An efficient deep neural network to find small objects in large 3D images

Jungkyu Park,Jakub Chłędowski,Stanisław Jastrzębski,Jan Witowski,Yanqi Xu,Linda Du,Sushma Gaddam,Eric Kim,Alana Lewin,Ujas Parikh,Anastasia Plaunova,Sardius Chen,Alexandra Millet,James Park,Kristine Pysarenko,Shalin Patel,Julia Goldberg,Melanie Wegener,Linda Moy,Laura Heacock,Beatriu Reig,Krzysztof J. Geras

3D imaging enables accurate diagnosis by providing spatial information about organ anatomy. However, using 3D images to train AI models is computationally challenging because they consist of 10x or 100x more pixels than their 2D counterparts. To be trained with high-resolution 3D images, convolutional neural networks resort to downsampling them or projecting them to 2D. We propose an effective alternative, a neural network that enables efficient classification of full-resolution 3D medical images. Compared to off-the-shelf convolutional neural networks, our network, 3D Globally-Aware Multiple Instance Classifier (3D-GMIC), uses 77.98%-90.05% less GPU memory and 91.23%-96.02% less computation. While it is trained only with image-level labels, without segmentation labels, it explains its predictions by providing pixel-level saliency maps. On a dataset collected at NYU Langone Health, including 85,526 patients with full-field 2D mammography (FFDM), synthetic 2D mammography, and 3D mammography, 3D-GMIC achieves an AUC of 0.831 (95% CI: 0.769-0.887) in classifying breasts with malignant findings using 3D mammography. This is comparable to the performance of GMIC on FFDM (0.816, 95% CI: 0.737-0.878) and synthetic 2D (0.826, 95% CI: 0.754-0.884), which demonstrates that 3D-GMIC successfully classified large 3D images despite focusing computation on a smaller percentage of its input compared to GMIC. Therefore, 3D-GMIC identifies and utilizes extremely small regions of interest from 3D images consisting of hundreds of millions of pixels, dramatically reducing associated computational challenges. 3D-GMIC generalizes well to BCS-DBT, an external dataset from Duke University Hospital, achieving an AUC of 0.848 (95% CI: 0.798-0.896).

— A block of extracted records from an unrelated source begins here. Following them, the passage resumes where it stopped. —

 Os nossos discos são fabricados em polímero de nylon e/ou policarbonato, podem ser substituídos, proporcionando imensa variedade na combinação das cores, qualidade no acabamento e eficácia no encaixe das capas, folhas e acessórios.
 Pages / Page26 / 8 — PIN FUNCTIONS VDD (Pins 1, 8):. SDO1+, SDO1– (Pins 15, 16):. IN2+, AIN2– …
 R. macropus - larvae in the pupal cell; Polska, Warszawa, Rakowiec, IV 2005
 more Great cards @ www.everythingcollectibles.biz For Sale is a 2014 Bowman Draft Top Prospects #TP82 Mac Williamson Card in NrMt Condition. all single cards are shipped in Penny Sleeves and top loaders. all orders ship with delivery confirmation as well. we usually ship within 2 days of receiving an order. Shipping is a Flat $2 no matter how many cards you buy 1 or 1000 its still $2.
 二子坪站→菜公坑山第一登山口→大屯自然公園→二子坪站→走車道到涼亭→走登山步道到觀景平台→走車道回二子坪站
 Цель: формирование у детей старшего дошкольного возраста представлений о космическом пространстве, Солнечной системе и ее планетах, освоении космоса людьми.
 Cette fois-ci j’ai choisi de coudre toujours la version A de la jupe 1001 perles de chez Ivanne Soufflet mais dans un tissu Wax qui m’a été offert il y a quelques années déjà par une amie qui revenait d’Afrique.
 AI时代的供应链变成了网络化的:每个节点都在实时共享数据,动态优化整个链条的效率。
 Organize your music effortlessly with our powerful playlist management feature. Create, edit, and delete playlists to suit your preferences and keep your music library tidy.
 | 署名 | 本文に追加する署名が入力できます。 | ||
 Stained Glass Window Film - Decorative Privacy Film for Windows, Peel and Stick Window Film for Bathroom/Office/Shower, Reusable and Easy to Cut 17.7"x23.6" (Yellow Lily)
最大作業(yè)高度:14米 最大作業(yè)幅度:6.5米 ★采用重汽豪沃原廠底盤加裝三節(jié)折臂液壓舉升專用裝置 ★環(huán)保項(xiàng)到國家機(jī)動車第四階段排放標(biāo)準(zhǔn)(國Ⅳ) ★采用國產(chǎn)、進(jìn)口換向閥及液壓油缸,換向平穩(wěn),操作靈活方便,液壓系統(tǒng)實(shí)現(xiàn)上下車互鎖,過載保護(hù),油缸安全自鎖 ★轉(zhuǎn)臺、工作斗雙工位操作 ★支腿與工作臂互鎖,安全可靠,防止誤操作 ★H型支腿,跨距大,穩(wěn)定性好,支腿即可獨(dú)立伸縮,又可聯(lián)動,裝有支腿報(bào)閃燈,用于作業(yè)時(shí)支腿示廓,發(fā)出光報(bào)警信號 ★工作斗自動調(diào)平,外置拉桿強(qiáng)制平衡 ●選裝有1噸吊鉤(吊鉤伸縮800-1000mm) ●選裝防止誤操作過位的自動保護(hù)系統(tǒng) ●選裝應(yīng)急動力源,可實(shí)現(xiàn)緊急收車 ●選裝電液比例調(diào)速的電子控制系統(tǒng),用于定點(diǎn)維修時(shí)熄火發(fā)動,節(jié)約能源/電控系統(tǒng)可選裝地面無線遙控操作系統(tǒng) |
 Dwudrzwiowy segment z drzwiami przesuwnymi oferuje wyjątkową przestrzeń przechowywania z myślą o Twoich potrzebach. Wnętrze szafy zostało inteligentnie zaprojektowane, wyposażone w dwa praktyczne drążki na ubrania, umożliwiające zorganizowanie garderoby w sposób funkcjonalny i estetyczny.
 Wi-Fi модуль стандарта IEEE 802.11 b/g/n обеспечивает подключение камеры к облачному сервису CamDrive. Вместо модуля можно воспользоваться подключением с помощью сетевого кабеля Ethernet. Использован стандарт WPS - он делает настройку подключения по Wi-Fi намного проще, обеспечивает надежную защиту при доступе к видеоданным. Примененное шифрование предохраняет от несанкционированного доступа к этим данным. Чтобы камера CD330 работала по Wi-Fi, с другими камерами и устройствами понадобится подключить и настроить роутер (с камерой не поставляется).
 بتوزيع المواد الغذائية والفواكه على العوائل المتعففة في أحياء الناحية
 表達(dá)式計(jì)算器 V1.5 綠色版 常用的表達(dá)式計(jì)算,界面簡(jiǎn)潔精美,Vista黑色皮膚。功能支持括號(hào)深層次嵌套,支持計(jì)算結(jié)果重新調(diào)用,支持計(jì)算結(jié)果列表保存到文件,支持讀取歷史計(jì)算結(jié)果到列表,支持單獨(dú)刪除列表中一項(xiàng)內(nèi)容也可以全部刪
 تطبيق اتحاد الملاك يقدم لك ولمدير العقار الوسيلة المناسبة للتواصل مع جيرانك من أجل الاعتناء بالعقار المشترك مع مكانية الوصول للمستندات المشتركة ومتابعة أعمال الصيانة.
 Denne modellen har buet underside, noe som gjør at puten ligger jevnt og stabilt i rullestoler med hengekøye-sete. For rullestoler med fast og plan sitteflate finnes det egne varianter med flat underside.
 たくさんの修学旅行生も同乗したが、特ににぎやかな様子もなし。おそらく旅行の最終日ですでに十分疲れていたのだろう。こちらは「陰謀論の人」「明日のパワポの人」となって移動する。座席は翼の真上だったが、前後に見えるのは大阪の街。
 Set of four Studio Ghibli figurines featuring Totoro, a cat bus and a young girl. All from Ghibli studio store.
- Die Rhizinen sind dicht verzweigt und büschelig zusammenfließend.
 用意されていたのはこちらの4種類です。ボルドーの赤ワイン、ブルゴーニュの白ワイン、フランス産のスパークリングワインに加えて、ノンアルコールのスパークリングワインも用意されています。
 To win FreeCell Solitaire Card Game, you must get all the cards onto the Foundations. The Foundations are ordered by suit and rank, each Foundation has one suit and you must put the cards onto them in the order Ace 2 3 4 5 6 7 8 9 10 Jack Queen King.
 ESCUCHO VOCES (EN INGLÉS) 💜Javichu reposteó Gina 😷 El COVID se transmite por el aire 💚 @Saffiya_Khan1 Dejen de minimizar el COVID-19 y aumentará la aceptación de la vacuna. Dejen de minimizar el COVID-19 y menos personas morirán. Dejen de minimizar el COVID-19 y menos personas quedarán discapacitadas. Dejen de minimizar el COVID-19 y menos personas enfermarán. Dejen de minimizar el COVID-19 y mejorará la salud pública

翻译：三维成像通过提供器官解剖结构的空间信息，能够实现精确诊断。然而，使用三维图像训练AI模型在计算上具有挑战性，因为其像素数量是二维图像的10倍甚至100倍。为了用高分辨率三维图像进行训练，卷积神经网络通常采用下采样或投影至二维的方法。我们提出了一种有效的替代方案——一种能够高效分类全分辨率三维医学图像的神经网络。与现成的卷积神经网络相比，我们提出的3D全局感知多实例分类器（3D-GMIC）可减少77.98%-90.05%的GPU内存消耗和91.23%-96.02%的计算量。尽管该网络仅使用图像级标签进行训练（无需分割标签），它仍能通过生成像素级显著性图来解释其预测结果。在纽约大学朗格尼健康中心收集的包含85,526名患者全视野数字乳腺X线摄影（FFDM）、合成二维乳腺X线摄影和三维乳腺X线摄影的数据集上，3D-GMIC使用三维乳腺X线摄影对恶性病变乳腺进行分类时实现了0.831的AUC值（95%置信区间：0.769-0.887）。该性能与GMIC在FFDM（AUC=0.816，95%置信区间：0.737-0.878）和合成二维图像（AUC=0.826，95%置信区间：0.754-0.884）上的表现相当，表明3D-GMIC成功分类了大型三维图像，尽管其计算聚焦于输入中比GMIC更小的百分比区域。因此，3D-GMIC能够从包含数亿像素的三维图像中识别并利用极小的感兴趣区域，显著降低了相关计算挑战。该模型在杜克大学医院的外部数据集BCS-DBT上也展现出良好泛化能力，AUC达到0.848（95%置信区间：0.798-0.896）。